>>>>
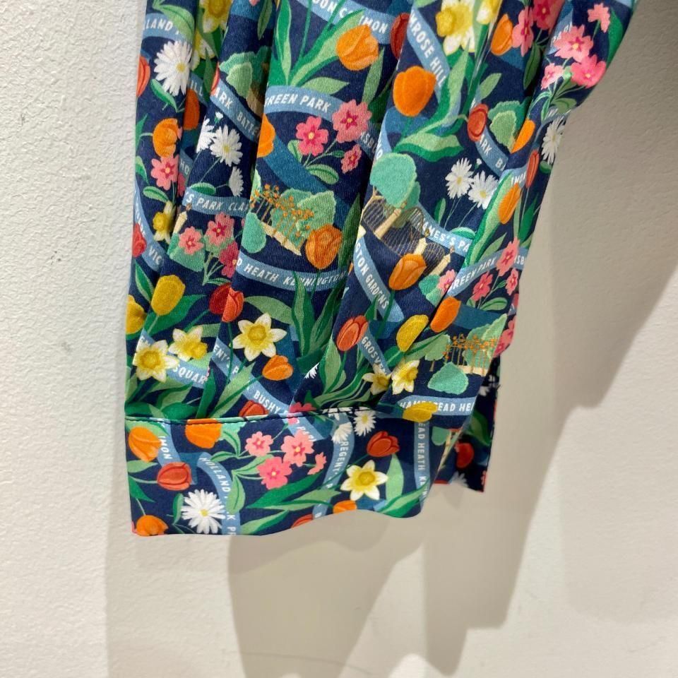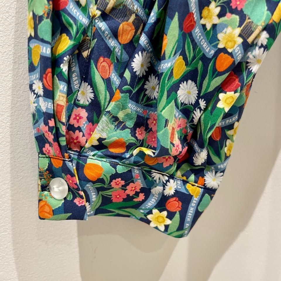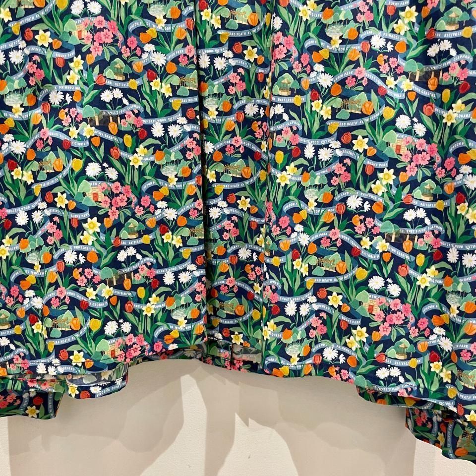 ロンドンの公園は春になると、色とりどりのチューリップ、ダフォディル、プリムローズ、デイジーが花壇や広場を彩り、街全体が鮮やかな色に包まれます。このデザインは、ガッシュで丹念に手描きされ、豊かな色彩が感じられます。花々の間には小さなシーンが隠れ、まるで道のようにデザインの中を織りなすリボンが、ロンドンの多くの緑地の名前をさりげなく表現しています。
<<<<
>>>>
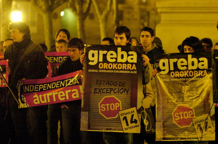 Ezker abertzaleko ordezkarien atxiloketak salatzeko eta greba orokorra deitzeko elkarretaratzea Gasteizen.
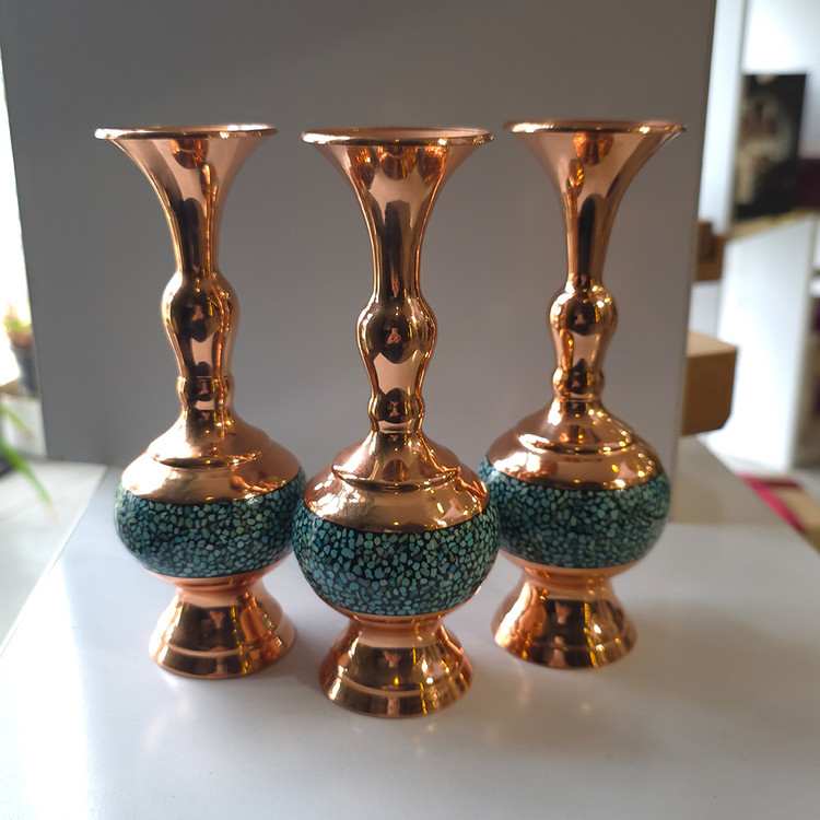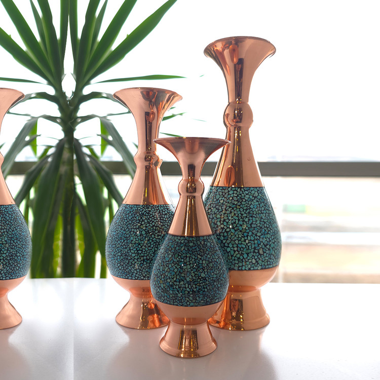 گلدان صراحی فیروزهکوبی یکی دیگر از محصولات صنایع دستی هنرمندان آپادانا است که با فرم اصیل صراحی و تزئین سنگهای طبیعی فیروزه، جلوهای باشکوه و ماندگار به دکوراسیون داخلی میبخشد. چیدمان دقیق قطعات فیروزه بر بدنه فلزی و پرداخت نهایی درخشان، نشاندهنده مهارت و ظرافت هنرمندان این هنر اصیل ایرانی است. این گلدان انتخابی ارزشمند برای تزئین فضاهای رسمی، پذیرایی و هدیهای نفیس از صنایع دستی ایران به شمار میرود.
<<<<
>>>>
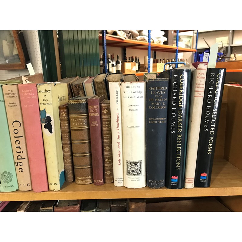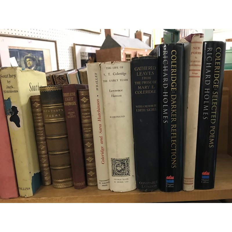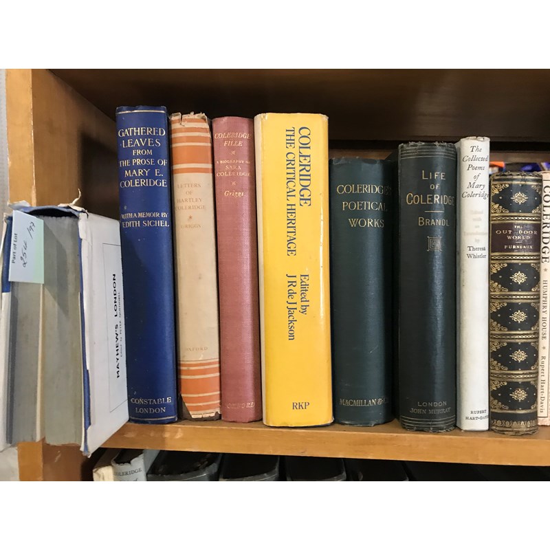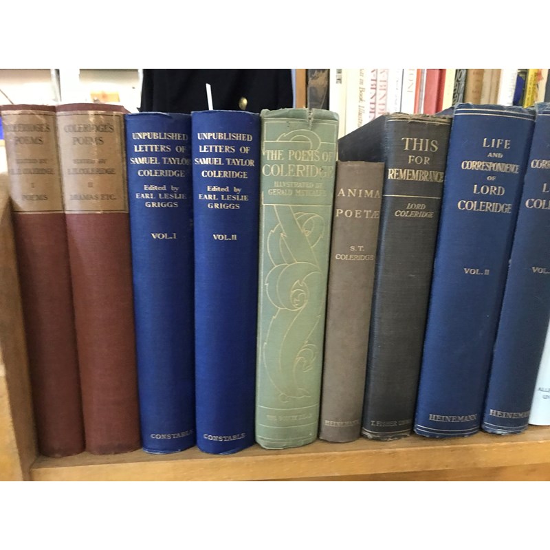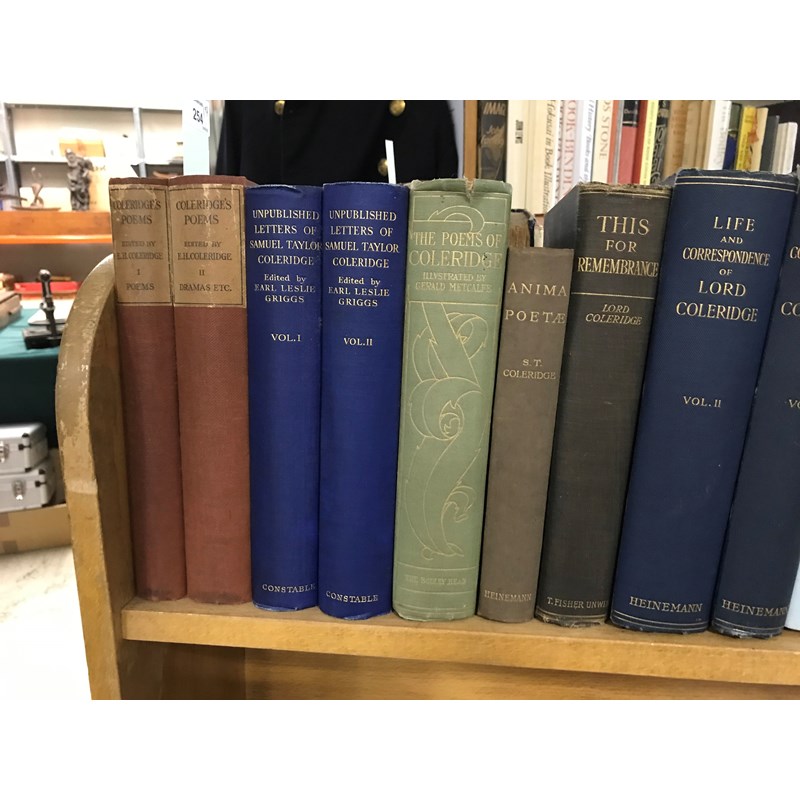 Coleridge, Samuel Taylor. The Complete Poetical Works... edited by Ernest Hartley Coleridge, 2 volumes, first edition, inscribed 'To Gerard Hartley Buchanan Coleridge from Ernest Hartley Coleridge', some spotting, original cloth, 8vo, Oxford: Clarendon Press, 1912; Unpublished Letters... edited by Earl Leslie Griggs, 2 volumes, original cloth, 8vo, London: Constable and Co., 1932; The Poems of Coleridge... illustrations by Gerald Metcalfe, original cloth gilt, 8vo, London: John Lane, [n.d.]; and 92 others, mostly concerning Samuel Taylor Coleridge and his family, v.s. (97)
<<<<
Exercise requirements: Start at the line above containing "Ezker abertzaleko ordezkarien" and stop at the line containing "گلدان صراحی فیروزهکوبی": print those lines and everything between them exactly, but not the pictures.

Your response:
 Ezker abertzaleko ordezkarien atxiloketak salatzeko eta greba orokorra deitzeko elkarretaratzea Gasteizen.
 گلدان صراحی فیروزهکوبی یکی دیگر از محصولات صنایع دستی هنرمندان آپادانا است که با فرم اصیل صراحی و تزئین سنگهای طبیعی فیروزه، جلوهای باشکوه و ماندگار به دکوراسیون داخلی میبخشد. چیدمان دقیق قطعات فیروزه بر بدنه فلزی و پرداخت نهایی درخشان، نشاندهنده مهارت و ظرافت هنرمندان این هنر اصیل ایرانی است. این گلدان انتخابی ارزشمند برای تزئین فضاهای رسمی، پذیرایی و هدیهای نفیس از صنایع دستی ایران به شمار میرود.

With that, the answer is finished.